## What is required
As output, give the exact lines from the one containing "Name - English SAKHINA BEGUM" through the end of the listing below, both included, without the pictures.

## Input
--- START ---

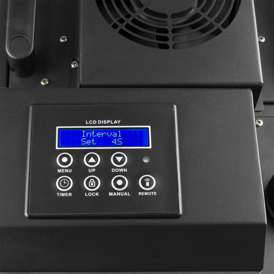 La LF1400 est conçue pour une utilisation facile et pratique. Elle peut être contrôlée via l'affichage numérique intégré ou par DMX, offrant une grande flexibilité pour différents types d'événements. La puissance et la vitesse du ventilateur sont réglables, permettant de créer l'effet de fumée désiré. Grâce à son boîtier en métal solide et ses roulettes, elle est durable et facile à déplacer.
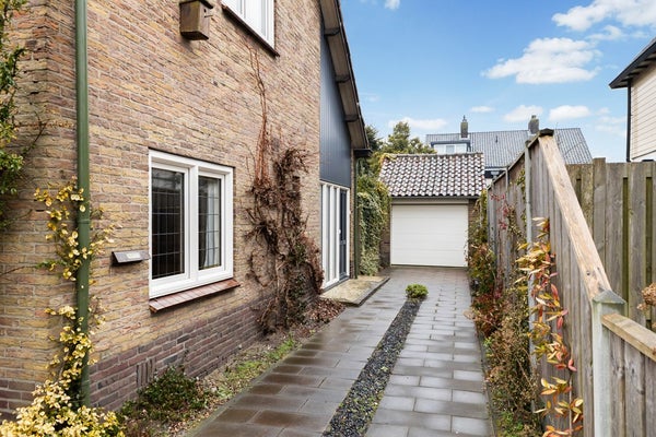 De groene tuin vormt samen met de garage en de royale oprit een mooie aanvulling op de woning. Met een ruim gazon, een bestraat terras en volop beplanting geniet je hier van veel privacy en een fijne buitenruimte. De stenen garage biedt volop mogelijkheden, bijvoorbeeld voor het stallen van een auto, fietsen of extra opslag. Daarnaast is er op de ruime oprit plaats voor maar liefst drie auto’s op eigen terrein.
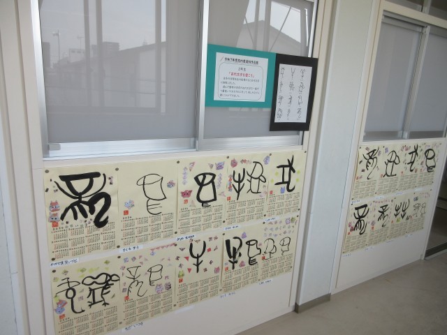 2年生の書作品です。テーマは「古代文字を書こう」です。波多の明翠先生に指導していただき古代文字に挑戦しました。選んだ動物の名前の古代文字を一画ずつ筆遣いや大きさを工夫して楽しみながら書くことができました。作品の下は2026年のカレンダーになっています。お家で使ってくださいね。
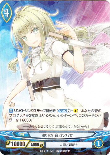 ![]() ![]() | B1-012 信じる力 音羽ツバサ プログレス ブースターパック 第1章 青蘭の聖少女 SR 世界:青 種族:人間 分類:超能力 レベル:4 パワー:10000 ガード:4000 ストライク:1 【自】リンク-リンクステップ開始時【リンク⑦-4】あなたの青のプログレスが2枚以上いるなら、そのターン中、このカードのパワーを+6000。 「・・・・・・あなたを信じるのに、言葉なんていらないから」 illust:閏月戈 |
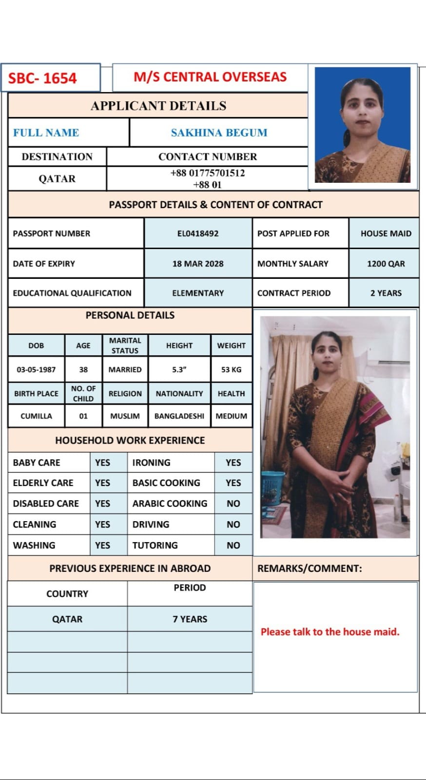 Name - English SAKHINA BEGUM
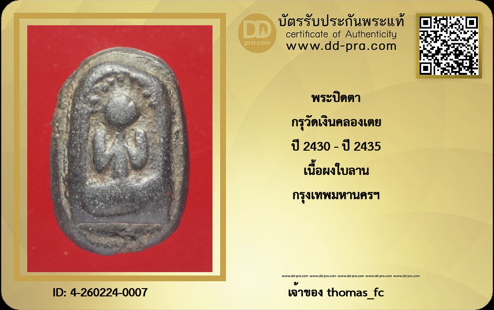 กรุวัดเงินคลองเตย ปี 2430 - ปี 2435 เนื้อผงใบลาน กรุงเทพมหานครฯ
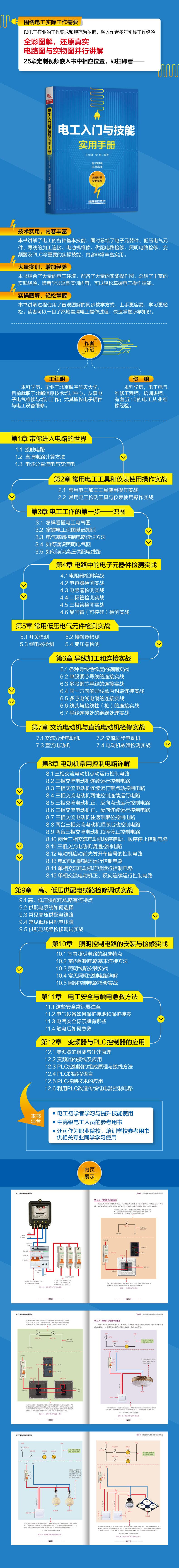 一、为什么写这本书电工是一个技术考究的行业,电工领域是目前世界上涉及面zui广的,几乎任何行业都离不开电,电工的需求量很高,因此只要你掌握了电工的操作技能,就可以轻松找到一份关于电工的工作。那么如何让初学者能够在短时间内掌握电工从业的知识和技能呢?其实也不难,只要“多看、多学、多问、多练”。通过学习来掌握电工的基本技能,而学习就需要一本好的电工学习资料,不但有丰富的电工知识、还有大量的电工实操用于增加读者的经验。这也是作者写作本书的目的。本书围绕电工实际工作需要,以电工行业的工作要求和规范为依据,采用全彩图解的方式,全面系统地讲解了电工的操作技能。本书是专为电工用户而编写的,为电工学习人员提供师傅带徒弟式的教程,使其快速成长为专业的电工。二、全书学习地图本书开篇首先介绍电工的基本知识和电工常用工具和仪表的使用方法,然后讲解了电工识图方法、电子元器件的检测实战、低压电气元件检测实战、导线的加......
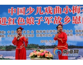 12月27日电今天下午,送欢乐、下基层中国少儿戏曲小梅花走进海南红色娘子军故乡慰问演出活动在琼海市塔洋镇开展。 来自于北京、江苏、安徽、郑州、杭州各地,不同剧种的中国少儿戏曲小梅花奖获得者、专业教师及戏曲名家30多人齐聚海南,登台献艺。 昨天,该活动还走进海口景
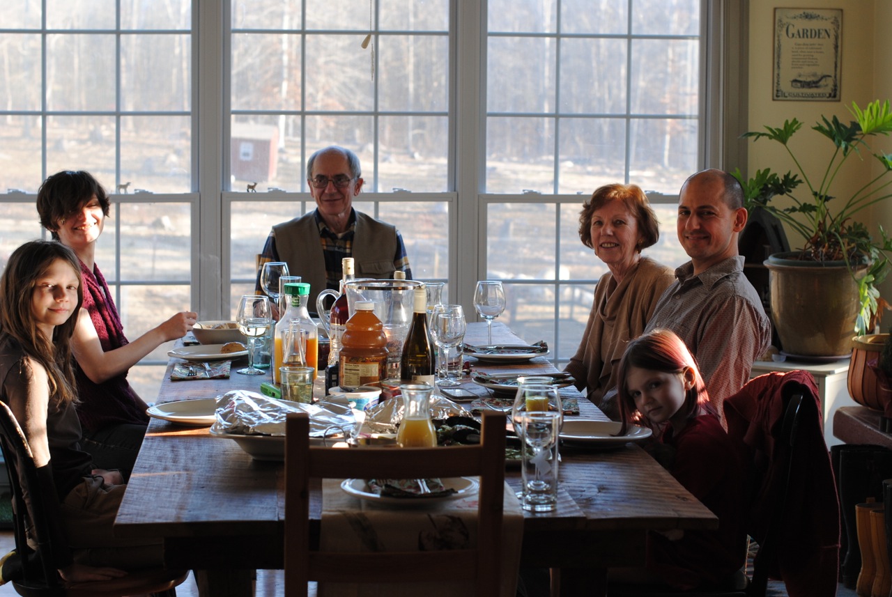 Obligatory meal photo – we had brined, roasted turkey (Trader Joe’s – easiest bird I have ever cooked!) with homemade gravy from pan drippings, roasted green beans with red onions, garlic and pancetta, sweet potato casserole with mini marshmallows on top (the kids demanded it), Susan’s stuffing, mashed potatoes (made in the crockpot!!! BEST thing ever!), homemade rolls, and two kinds of cranberry sauce (bourbon-cranberry and cranberry chutney).
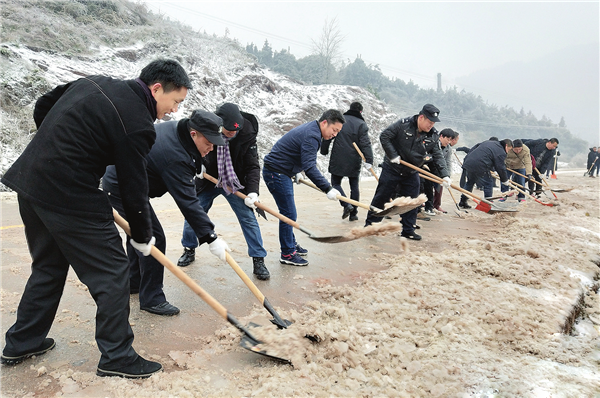 1月27日上午,鹤城区黄金坳镇在职党员干部50余人,来到209国道黄金坳镇仇家村路段对冰冻路面进行铲雪破冰,保障来往车辆及群众安全通行。(本报记者 史琴 通讯员 肖鹏 摄)
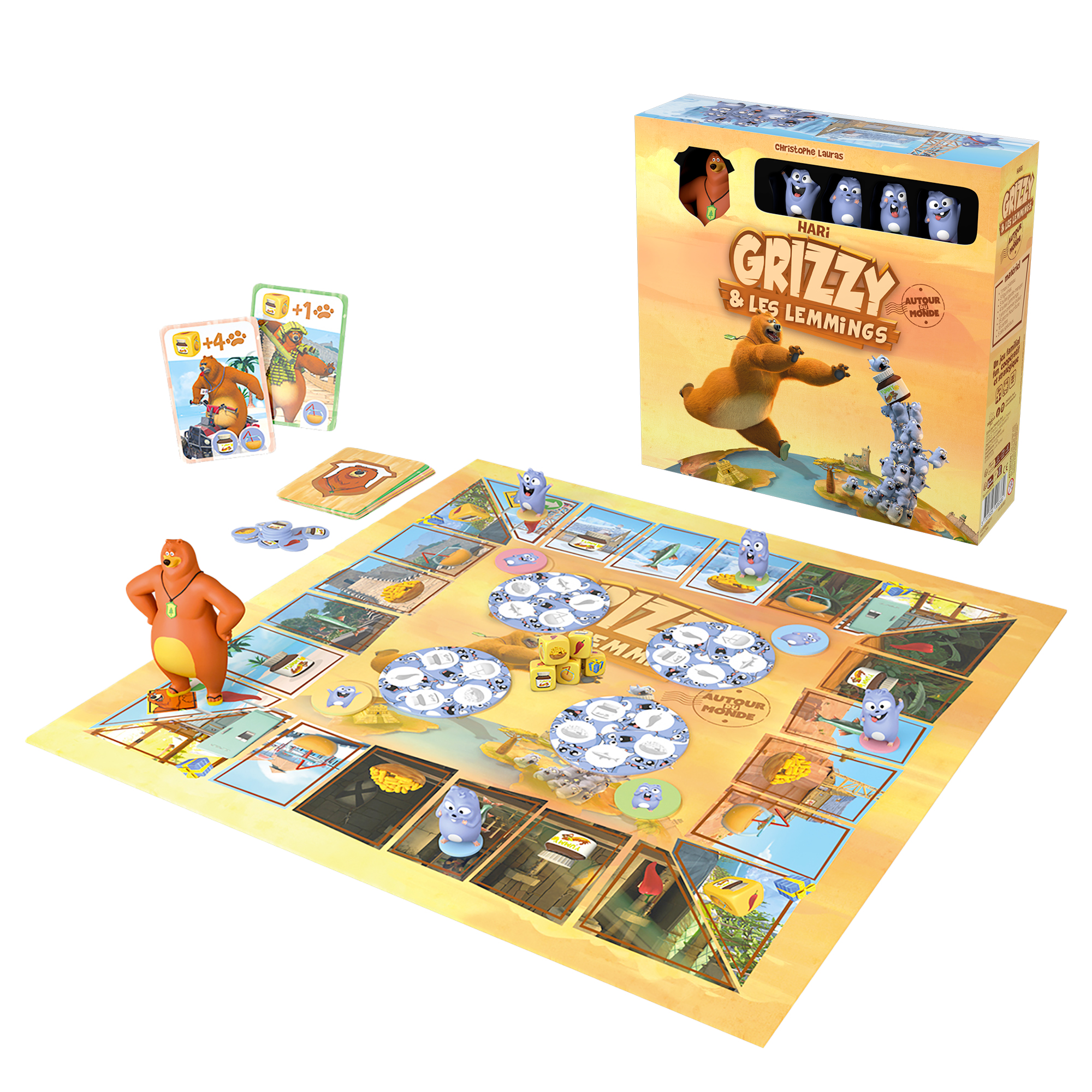 3-Esquivez Grizzy : Le dernier dé fait avancer Grizzy selon la carte tirée. S’il rattrape un Lemming, celui-ci perd une partie de sa nourriture.

--- END ---

## Exercise answer
 Name - English SAKHINA BEGUM
 กรุวัดเงินคลองเตย ปี 2430 - ปี 2435 เนื้อผงใบลาน กรุงเทพมหานครฯ
 一、为什么写这本书电工是一个技术考究的行业,电工领域是目前世界上涉及面zui广的,几乎任何行业都离不开电,电工的需求量很高,因此只要你掌握了电工的操作技能,就可以轻松找到一份关于电工的工作。那么如何让初学者能够在短时间内掌握电工从业的知识和技能呢?其实也不难,只要“多看、多学、多问、多练”。通过学习来掌握电工的基本技能,而学习就需要一本好的电工学习资料,不但有丰富的电工知识、还有大量的电工实操用于增加读者的经验。这也是作者写作本书的目的。本书围绕电工实际工作需要,以电工行业的工作要求和规范为依据,采用全彩图解的方式,全面系统地讲解了电工的操作技能。本书是专为电工用户而编写的,为电工学习人员提供师傅带徒弟式的教程,使其快速成长为专业的电工。二、全书学习地图本书开篇首先介绍电工的基本知识和电工常用工具和仪表的使用方法,然后讲解了电工识图方法、电子元器件的检测实战、低压电气元件检测实战、导线的加......
 12月27日电今天下午,送欢乐、下基层中国少儿戏曲小梅花走进海南红色娘子军故乡慰问演出活动在琼海市塔洋镇开展。 来自于北京、江苏、安徽、郑州、杭州各地,不同剧种的中国少儿戏曲小梅花奖获得者、专业教师及戏曲名家30多人齐聚海南,登台献艺。 昨天,该活动还走进海口景
 Obligatory meal photo – we had brined, roasted turkey (Trader Joe’s – easiest bird I have ever cooked!) with homemade gravy from pan drippings, roasted green beans with red onions, garlic and pancetta, sweet potato casserole with mini marshmallows on top (the kids demanded it), Susan’s stuffing, mashed potatoes (made in the crockpot!!! BEST thing ever!), homemade rolls, and two kinds of cranberry sauce (bourbon-cranberry and cranberry chutney).
 1月27日上午,鹤城区黄金坳镇在职党员干部50余人,来到209国道黄金坳镇仇家村路段对冰冻路面进行铲雪破冰,保障来往车辆及群众安全通行。(本报记者 史琴 通讯员 肖鹏 摄)
 3-Esquivez Grizzy : Le dernier dé fait avancer Grizzy selon la carte tirée. S’il rattrape un Lemming, celui-ci perd une partie de sa nourriture.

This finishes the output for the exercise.